After almost seven years in another country, after making Spanish friends, adapting to Spanish culture (not an easy task!) and making our house in Spain have some English comforts (I’m talking curtains and, hopefully, soon, a massive rug on the tiled floor of our living room), we have to admit that we will almost be English.

A few years ago, here, in the outback of Spain,  I met an English person from my neck of the woods and my whole being changed.  My childhood accent returned, one that I had tried so hard to eliminate, yet there it was, waiting to come out of that timeless cupboard. Did I know I was doing it?  No, I didn’t.  After my first encounter with someone who lived very close to me in England, I was taken aback by how my pronunciation had changed in that conversation.  In a way, I felt that I must have been putting it on, yet I hadn’t.  It just came, naturally.  Roots: I will always be an English person at heart.

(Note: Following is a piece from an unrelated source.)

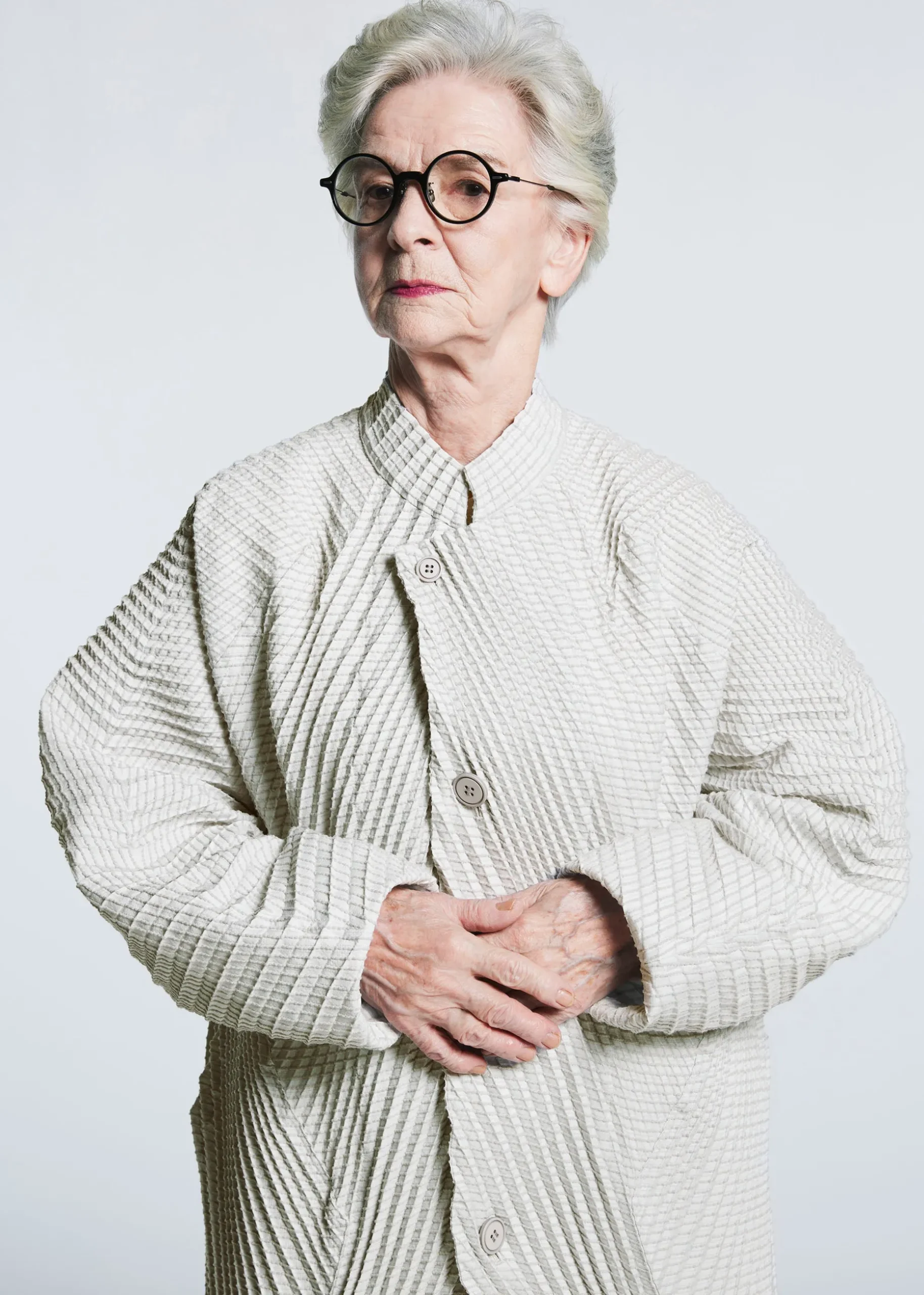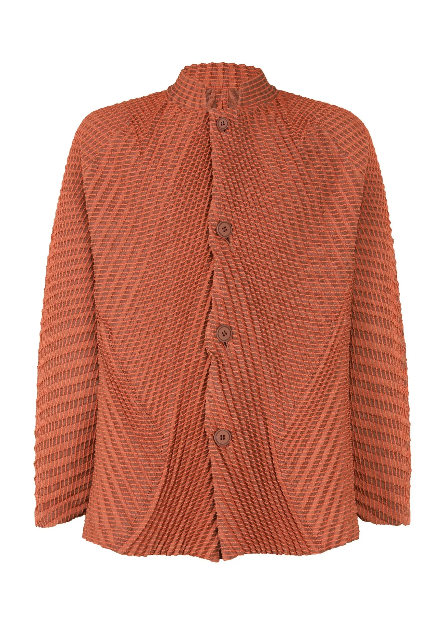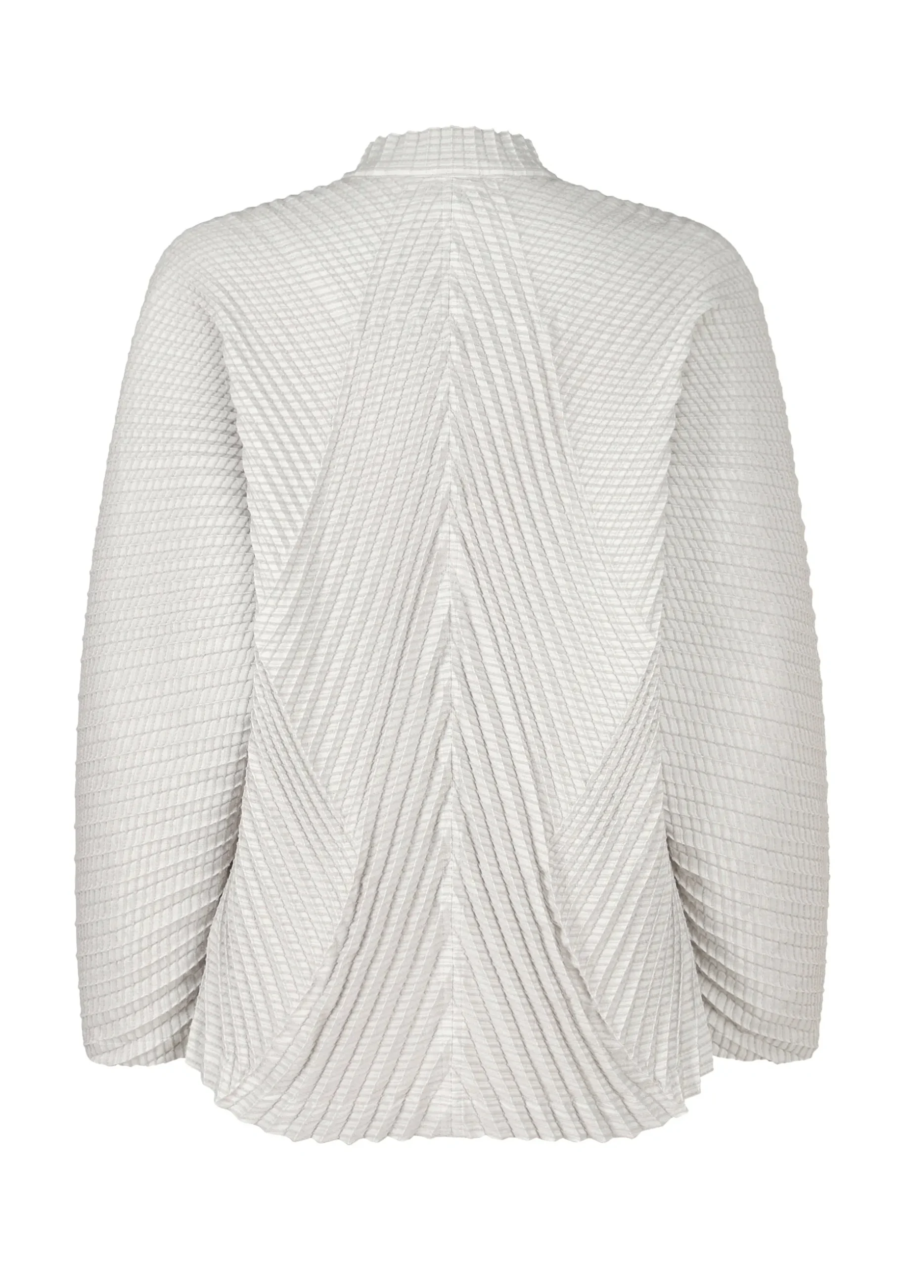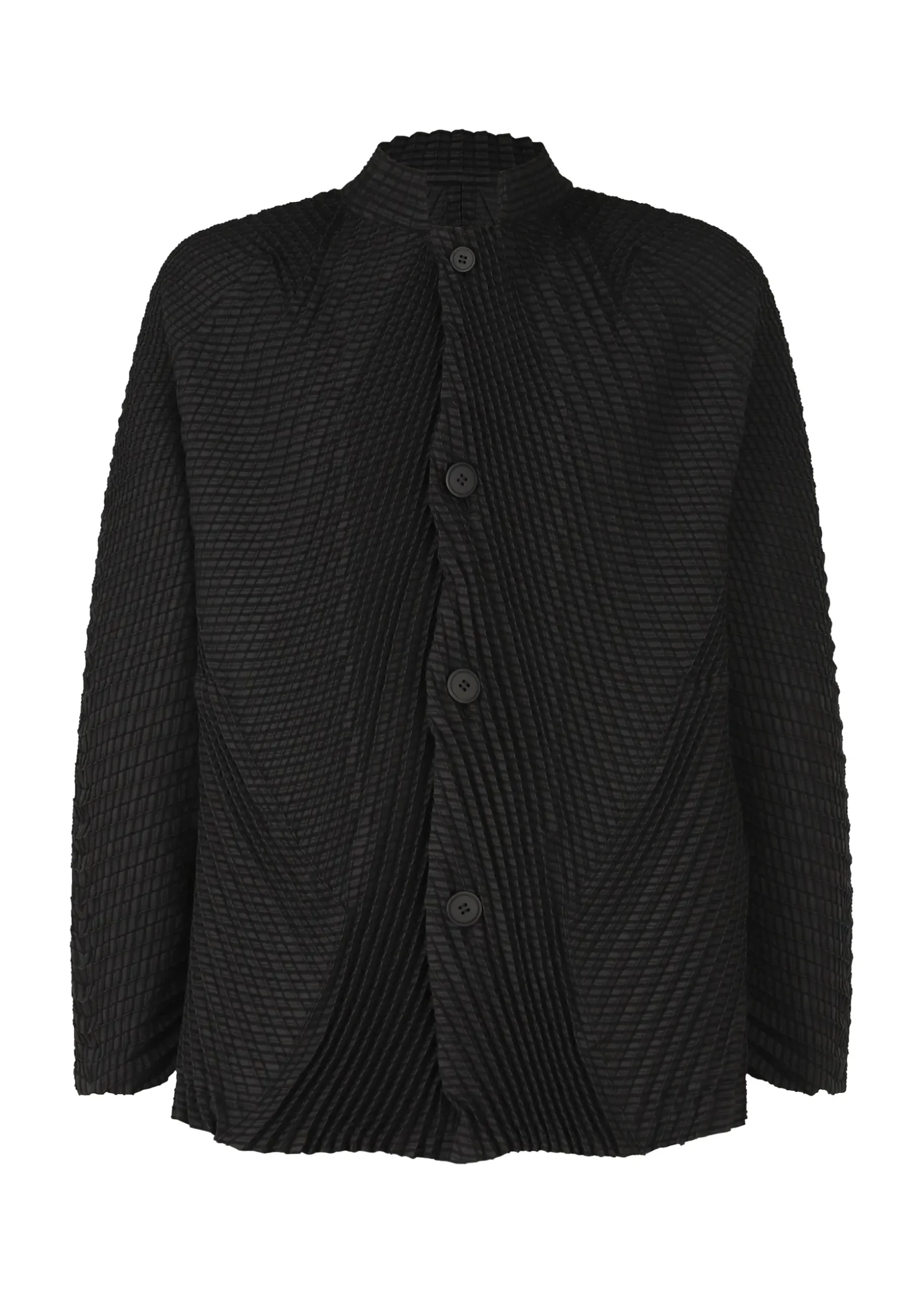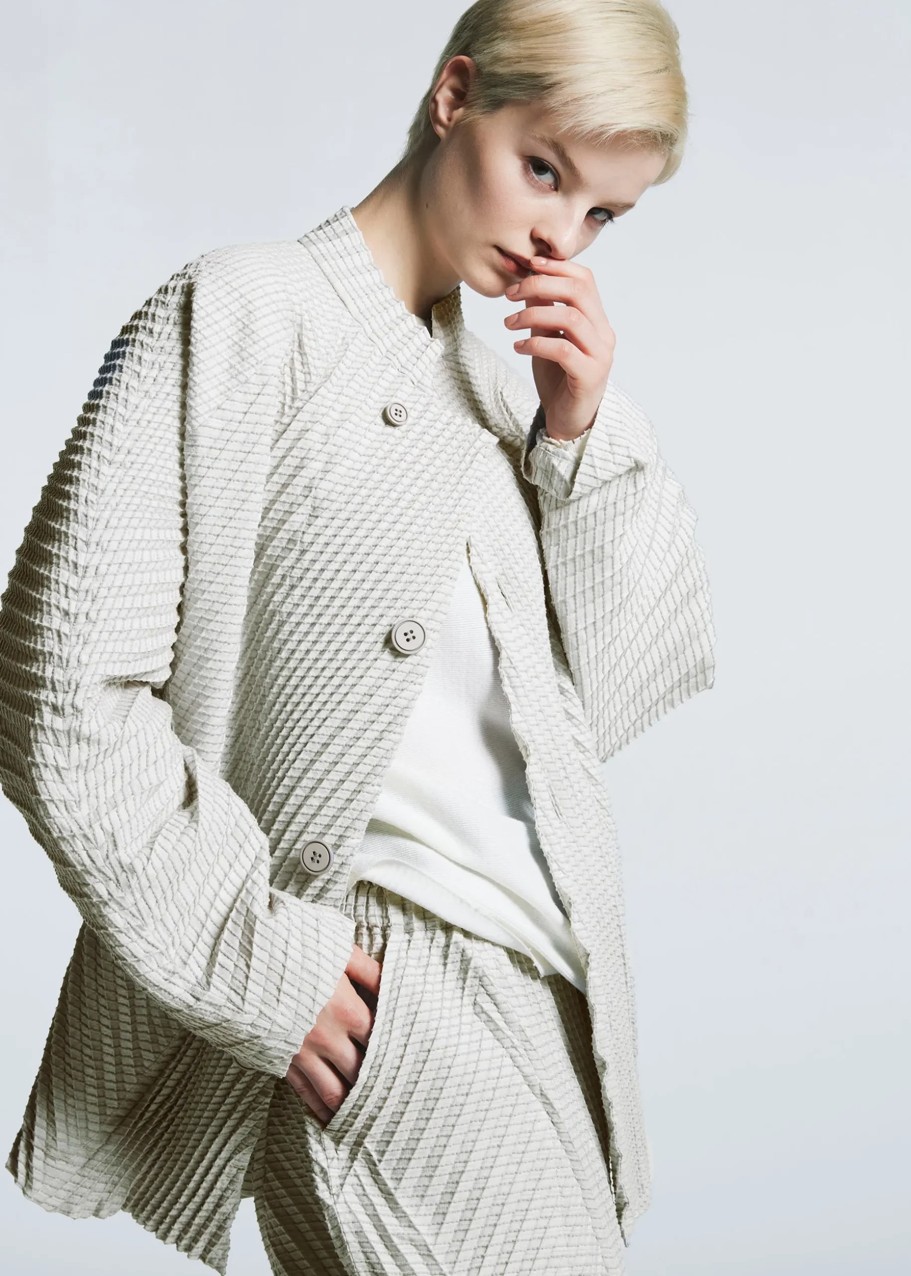 Featuring dynamic diagonal pleating, TYPE-O 013 offers silhouettes that create soft volume and flow across the body. This series utilizes the highly advanced “Steam Stretch” technique, which uses special threads that shrink in specific places when steam is applied. This method creates three-dimensional pleated shapes and durable garments that are machine washable and maintain their shape over time.
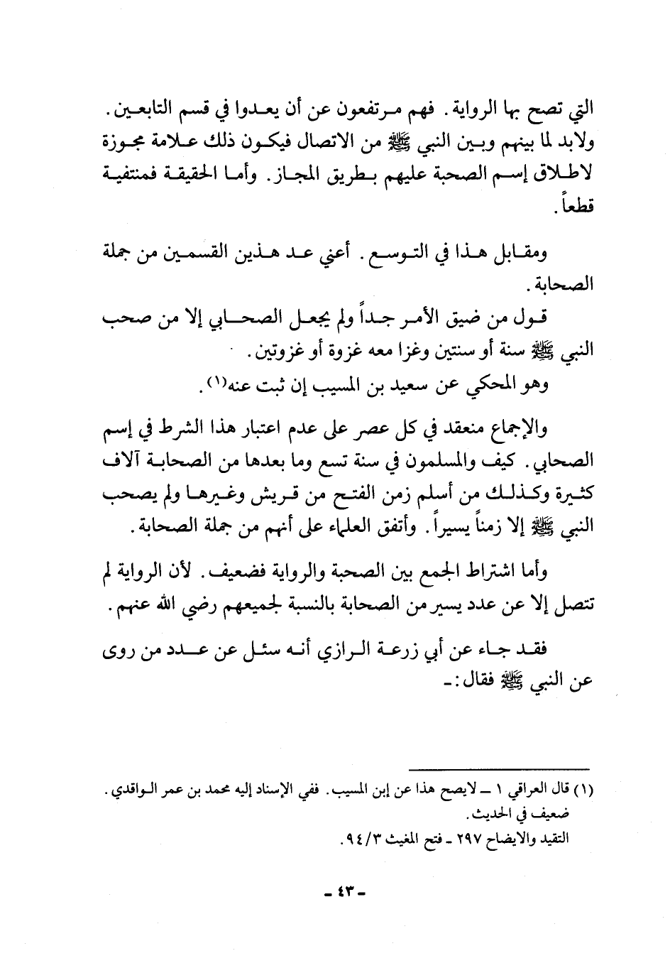 وأما اشتراط الجمع بيه الصحبة والرواية فضعيف. لأن الرواية لم تتصل إلا عن عدد يسير من الصحابة بالنسبة لجميعهم رضي الله عنهم.

But was does being English mean?  How can Spanish people single us out as English and not German or French?  Well, my pale skin was the first indicator but then there was the way I walk, the rhythm of my voice and many other little quirks that I don’t notice in myself.  Yet, strangely enough, English abroad don’t necessarily recognise other English, though we may be able to single out Germans or Americans from a distance.

Last week, we were in the South of Spain.  In November, there were no tourists yet the sun was still shining.  Students of Spanish got the chance to practise on the less-harassed Spanish staff and the few English people there were mostly expats.  The ‘fix’ of what I would refer to as a ‘Little Britain’ was welcome though, on this occasion, I didn’t meet any accents similar to mine.  But ‘English’ness was evident.  Shops were ready for English customers, fish and chip shops could be found and Yorkshire puddings were there to be enjoyed.  I suppose that goes to show that there are different kinds of English people.  Some want the sun but with an English lifestyle. Others, like my husband and I, wanted to experience a different lifestyle and, in those first months, wow, was it different.

In Galicia, entertainment as we knew it doesn’t exist, understanding how to approach roundabouts now has to be approached with uncanny care and there doesn’t seem to be such a thing as a takeaway, other than the restaurant will make it for you if you come and pick it up.  Carpets can’t be found, rugs are few and far between (we’re ordering one from Amazon!) and I should imagine there never was a milkman service!  These are the tings that make us English.

I had always been proud to be English but somewhere along the line, at round about forty eight years of age, I became disillusioned.  The years spent in Spain have been wonderful but, at the end of the day, roots really do count.  Being away has helped me be proud again!  Though I wouldn’t want to live in the South of Spain, the box of twelve mince pies that we picked up in an Andalusian supermarket were to die for.  So, what you lose on the roundabouts, you definitely gain on the swings!